In cohort C, the predictive variables associated with a change in clinical care following cardiac imaging included: smoking status, atrial fibrillation, COPD, and LVEF (Figure 2). Specifically, patients who were current smokers (p = 0.005; OR = 14.00 and 18.00 compared to former and non-smokers, respectively), those who had atrial fibrillation (p = 0.008; OR = ∞), and those with COPD (p = 0.002; OR = 53.00) had a greater likelihood of experiencing a change in clinical care (Figure 2). Moreover, the average LVEF was significantly lower for those patients which experienced a change in clinical care following cardiac imaging compared to those who did not (p < 0.001, T-statistic = −6.90; 44.75% ± 4.79 vs. 62.95 ± 7.72, respectively) (Table 3). Amongst patients who had a change in care following imaging, all were found to have at least two predictive variables; by comparison, the yield of imaging in patients with no predictive variables was 0% (n = 3, 95% CI, 0.00–56.15%). Finally, there was no significant variation in the yield of imaging reported for patients who underwent echocardiography compared to those who had a MUGA scan (p = 1.0). See Supplementary Figure S2 for the complete list of pre-treatment and imaging variables examined for this cohort.
4. Discussion
This study’s findings highlight the variability in the clinical utility of cardiac imaging in breast cancer patients treated with anthracyclines and/or trastuzumab. Cardiac imaging, while essential for monitoring cardiotoxicity, demonstrated significantly different yields across cohorts (p = 0.013). Cohort B had the highest imaging yield at 13.33% (95% CI 7.41–22.83%), compared to 4.17% (95% CI 1.92–8.79%) for patients in cohort C (Table 2). Moreover, patients in cohort B received fewer imaging studies per patient (1.25, 95% CI 1.10–1.40) compared to cohort C (4.67, 95% CI −0.50–9.84) (p < 0.001), contributing to this cohort’s higher yield (Table 2). This discrepancy between imaging yield and resource utilization challenges the efficiency of current imaging protocols. Further studies are warranted to stratify yield more granularly to distinguish between types of change (i.e., proactive versus reactive) as well as examine the clinical impact of change in care on patient outcomes.
Importantly, patients in cohort A were excluded from quantitative primary analysis due to their small sample size and low statistical power [26]. The results of its analysis for qualitative purposes reveal that patients in cohort A had the second highest yield (7.14%; 95% CI, 1.27–31.47) and had the second most scans per patient (4.67 per patient; 95% CI, −0.50–9.84) when compared to patients in other cohorts.
In addition to the primary outcome, predictors of higher imaging yield differed depending on the treatment regimen. Among patients in cohort B, significant variables included a higher ECOG score (p < 0.001), unknown menopausal status (p < 0.001), diabetes (p = 0.001), CAD (p = 0.048), PVD (p < 0.001), cardiac imaging prompted by clinical factors (p < 0.001), imaging performed during chemotherapy (p < 0.001), and referrals from critical care physicians (p < 0.001) (Figure 2). In contrast, patients in cohort C demonstrated a higher yield for cardiac imaging if they were current smokers (p = 0.005), had atrial fibrillation (p = 0.008), or had COPD (p = 0.002) (Figure 2). The only shared variable for higher cardiac imaging yield between the two groups was lower LVEF (p = 0.02 and p < 0.001, respectively) (Table 3). This finding aligns with the established role of LVEF as a primary indicator of cardiac function and a critical factor in managing patients at risk for HF [12,13,27,28]. In the context of this study, low LVEF likely represents the main determinant in providers’ decision to intervene in these patients’ care, accounting for why it is the sole shared variable between cohorts.

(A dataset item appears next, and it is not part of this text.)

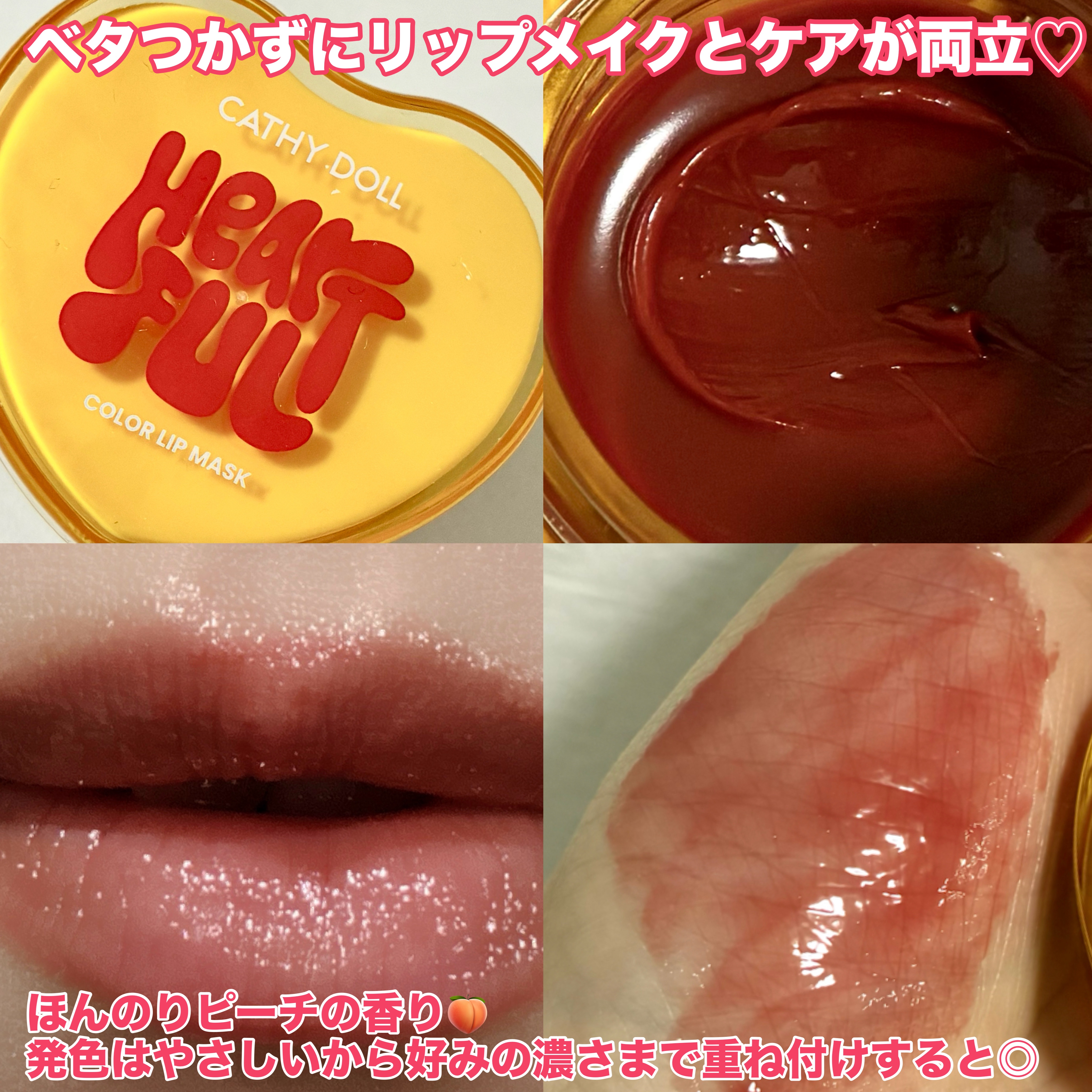 ぷるっととろける透け感×血色🩷うるツヤ叶えるリップマスク💄🫧🩷CathyDollハートフルカラーリップマスク08DriedStrawberry7g¥1,430(税込)全国のドン・キホーテで2025/9月より順次発売中♡日中のリップケアや夜のリ...

As with primary analysis, patients in cohort A were excluded from secondary analysis due to a very small sample size (n = 3), resulting in low statistical power [26]. Small and unequal cohort sizes (n = 60 for cohort B and n = 30 in cohort C) represent a key limitation of this study, potentially affecting the validity of inter-cohort comparisons by reflecting size disparities rather than true variation [29,30]. Data collection is ongoing with larger sample sizes encompassing multiple hospitals in Ontario, and future analysis of this data will help address this limitation. Additional limitations include unaccounted confounders, such as cumulative anthracycline dose and prior chemotherapy exposure [31]. Furthermore, as this is a retrospective cohort study, there are inherent limitations in establishing causality versus correlation when describing significant results [32].
In contrast, strengths of this study include the emphasis on a clinically relevant population, analysis of multiple treatment regimens, and evaluation of diverse predictive variables to improve cardiac imaging yield. As the first of its kind in NWO, this study may enhance clinical practice, optimize the use of cardiac imaging in a resource-limited region, and improve patient outcomes [21,22,23].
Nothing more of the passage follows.